** Entries shown **
◆ ◆ ◆ ◆ ◆

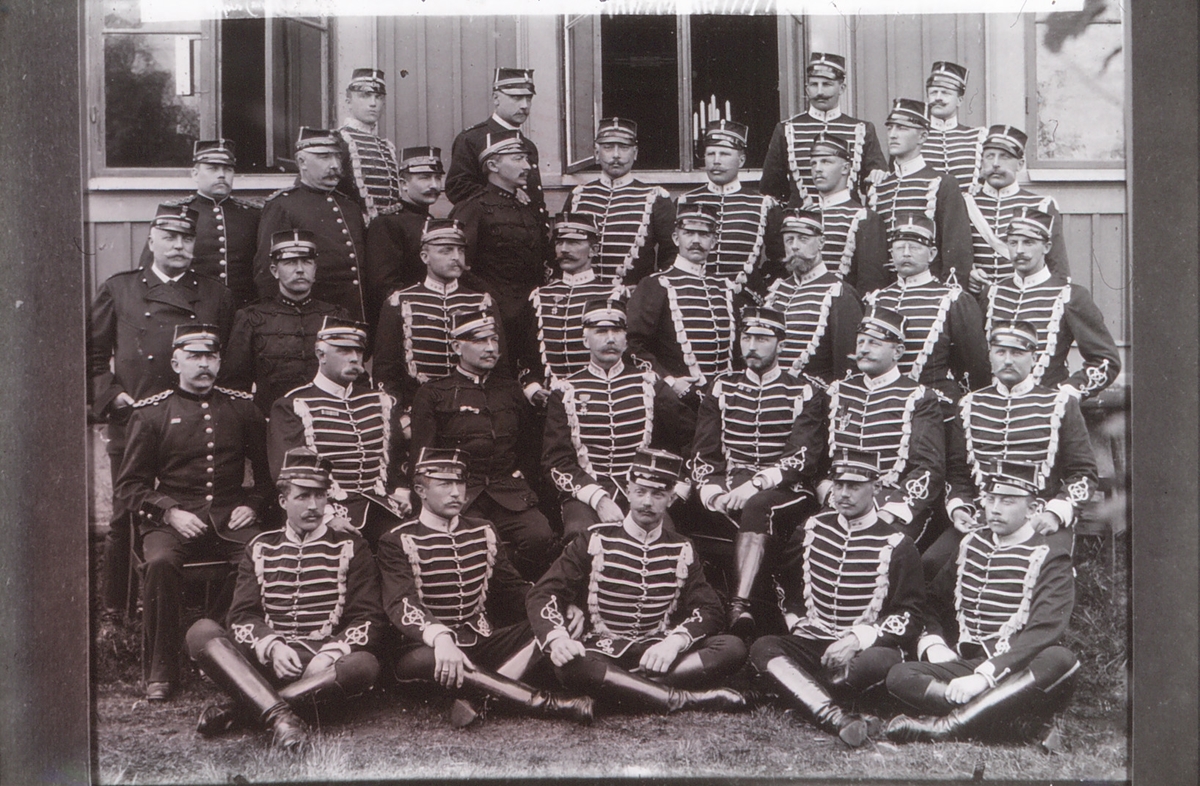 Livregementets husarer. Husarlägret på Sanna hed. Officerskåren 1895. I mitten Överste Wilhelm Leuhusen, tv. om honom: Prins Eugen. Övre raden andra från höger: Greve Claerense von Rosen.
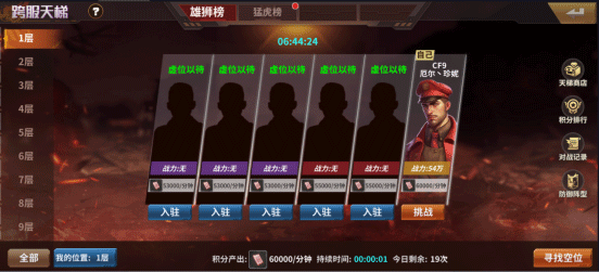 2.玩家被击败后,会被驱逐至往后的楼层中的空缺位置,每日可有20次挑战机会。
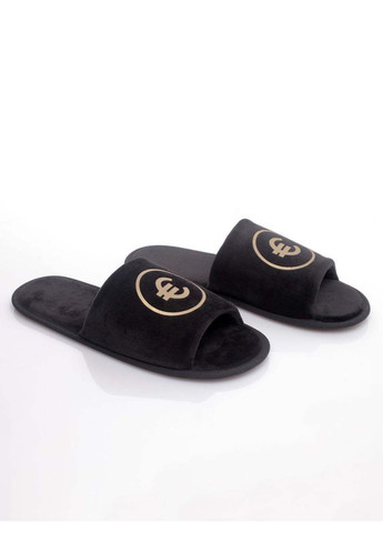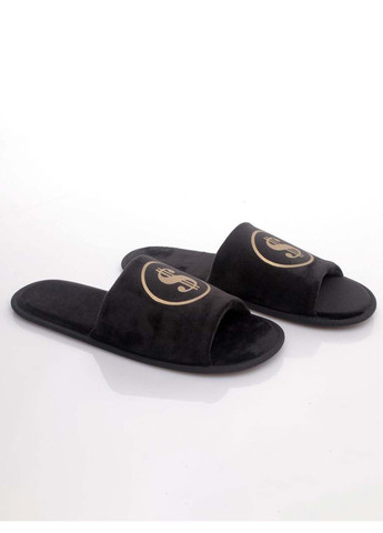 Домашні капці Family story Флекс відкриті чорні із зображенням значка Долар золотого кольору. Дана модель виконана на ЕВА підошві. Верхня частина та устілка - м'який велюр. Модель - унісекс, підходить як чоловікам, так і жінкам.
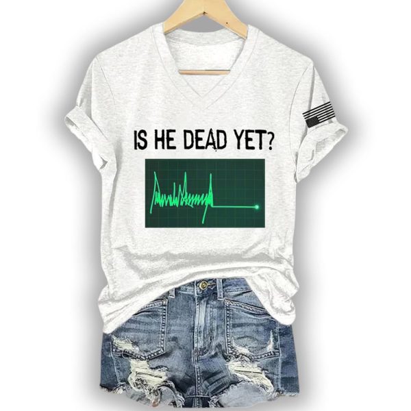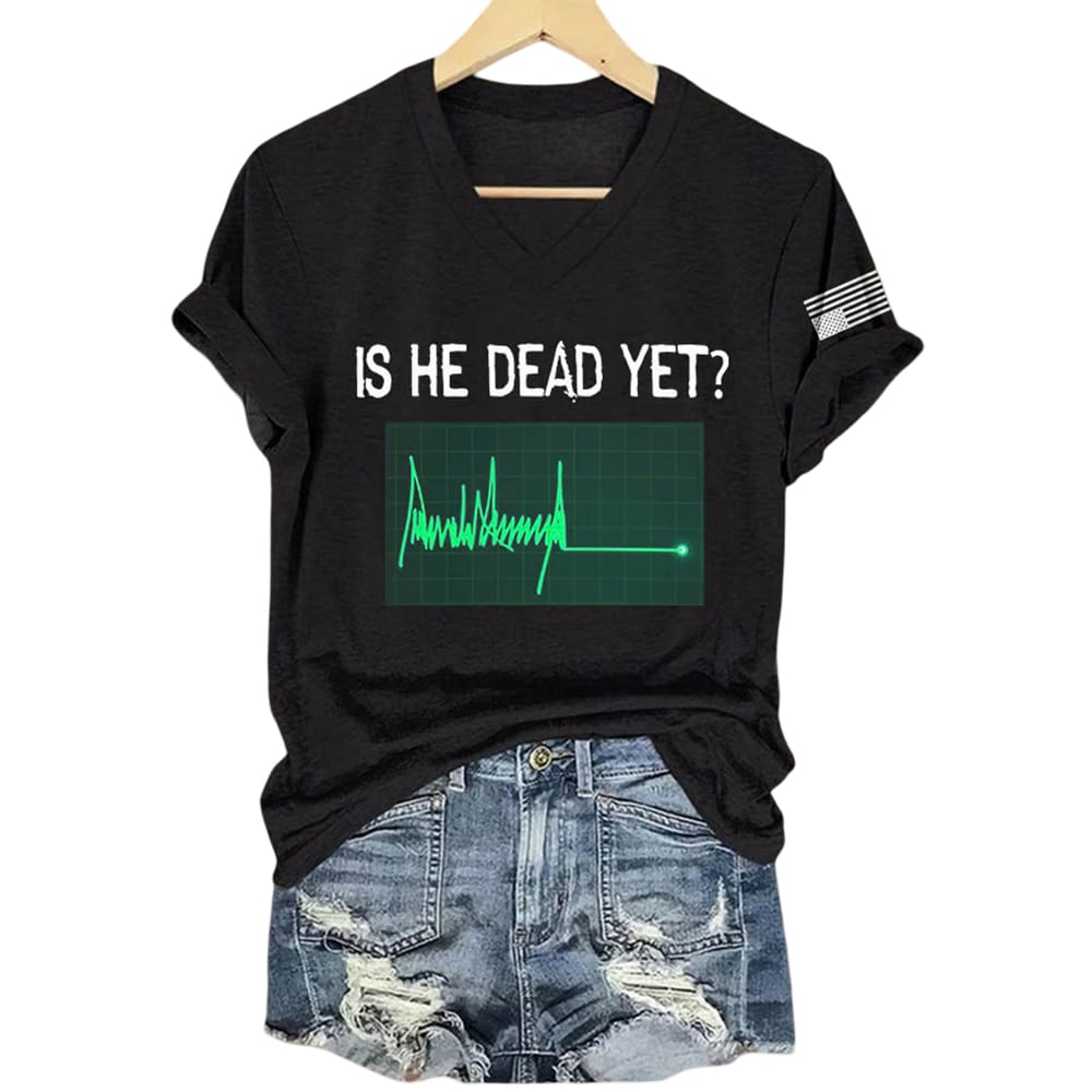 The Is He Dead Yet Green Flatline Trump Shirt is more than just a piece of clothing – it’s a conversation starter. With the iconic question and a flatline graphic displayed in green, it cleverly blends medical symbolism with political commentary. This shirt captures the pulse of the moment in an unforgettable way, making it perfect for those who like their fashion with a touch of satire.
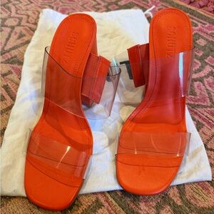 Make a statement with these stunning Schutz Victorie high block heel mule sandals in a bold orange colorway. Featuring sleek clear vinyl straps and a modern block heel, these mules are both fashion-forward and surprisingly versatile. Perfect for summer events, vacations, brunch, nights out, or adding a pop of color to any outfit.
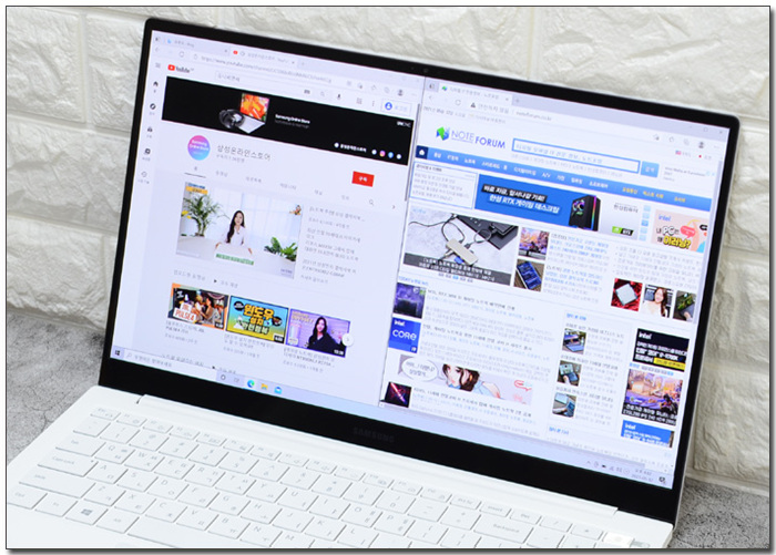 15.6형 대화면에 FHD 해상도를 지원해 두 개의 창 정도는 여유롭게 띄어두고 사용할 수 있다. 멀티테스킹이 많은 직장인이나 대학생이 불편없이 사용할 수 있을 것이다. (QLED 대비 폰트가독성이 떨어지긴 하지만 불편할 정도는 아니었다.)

◆ ◆ ◆ ◆ ◆

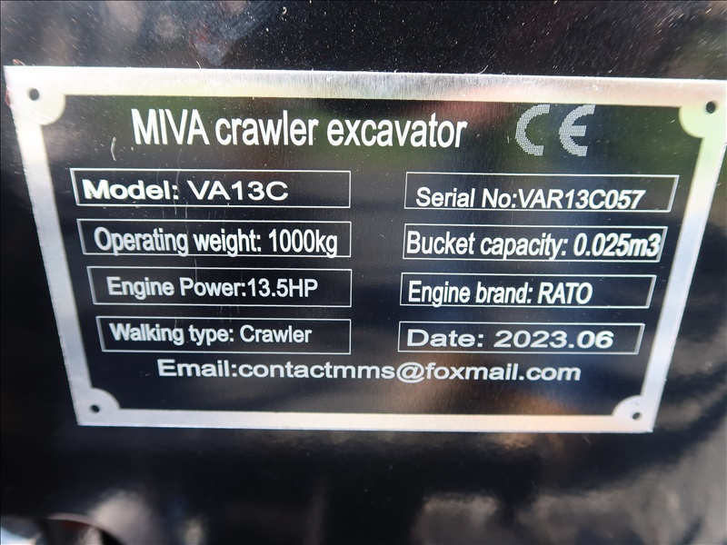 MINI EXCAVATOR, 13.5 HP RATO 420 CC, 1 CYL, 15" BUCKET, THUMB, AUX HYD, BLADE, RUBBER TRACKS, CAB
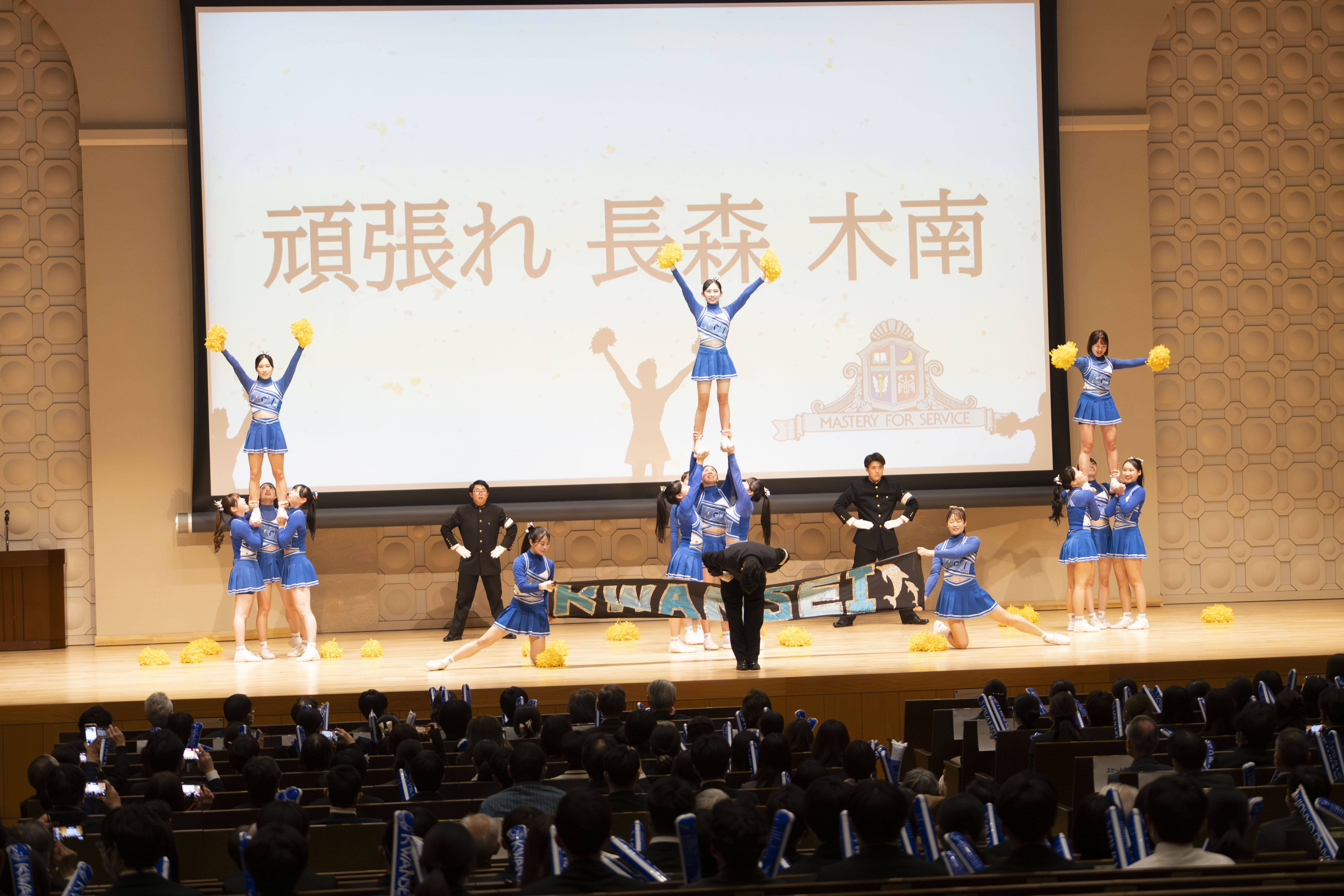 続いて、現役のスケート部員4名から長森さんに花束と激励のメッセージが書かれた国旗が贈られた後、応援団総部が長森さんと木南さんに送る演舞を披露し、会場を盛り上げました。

◆ ◆ ◆ ◆ ◆

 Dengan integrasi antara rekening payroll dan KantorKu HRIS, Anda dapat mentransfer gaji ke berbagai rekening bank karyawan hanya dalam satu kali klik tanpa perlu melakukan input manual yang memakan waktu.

◆ ◆ ◆ ◆ ◆

** What to work on **
Above, find the line holding "Livregementets husarer. Husarlägret" and the line holding "15.6형 대화면에 FHD". Print exactly those two lines and every line between them, but no pictures.

** Result for this exercise **
 Livregementets husarer. Husarlägret på Sanna hed. Officerskåren 1895. I mitten Överste Wilhelm Leuhusen, tv. om honom: Prins Eugen. Övre raden andra från höger: Greve Claerense von Rosen.
 2.玩家被击败后,会被驱逐至往后的楼层中的空缺位置,每日可有20次挑战机会。
 Домашні капці Family story Флекс відкриті чорні із зображенням значка Долар золотого кольору. Дана модель виконана на ЕВА підошві. Верхня частина та устілка - м'який велюр. Модель - унісекс, підходить як чоловікам, так і жінкам.
 The Is He Dead Yet Green Flatline Trump Shirt is more than just a piece of clothing – it’s a conversation starter. With the iconic question and a flatline graphic displayed in green, it cleverly blends medical symbolism with political commentary. This shirt captures the pulse of the moment in an unforgettable way, making it perfect for those who like their fashion with a touch of satire.
 Make a statement with these stunning Schutz Victorie high block heel mule sandals in a bold orange colorway. Featuring sleek clear vinyl straps and a modern block heel, these mules are both fashion-forward and surprisingly versatile. Perfect for summer events, vacations, brunch, nights out, or adding a pop of color to any outfit.
 15.6형 대화면에 FHD 해상도를 지원해 두 개의 창 정도는 여유롭게 띄어두고 사용할 수 있다. 멀티테스킹이 많은 직장인이나 대학생이 불편없이 사용할 수 있을 것이다. (QLED 대비 폰트가독성이 떨어지긴 하지만 불편할 정도는 아니었다.)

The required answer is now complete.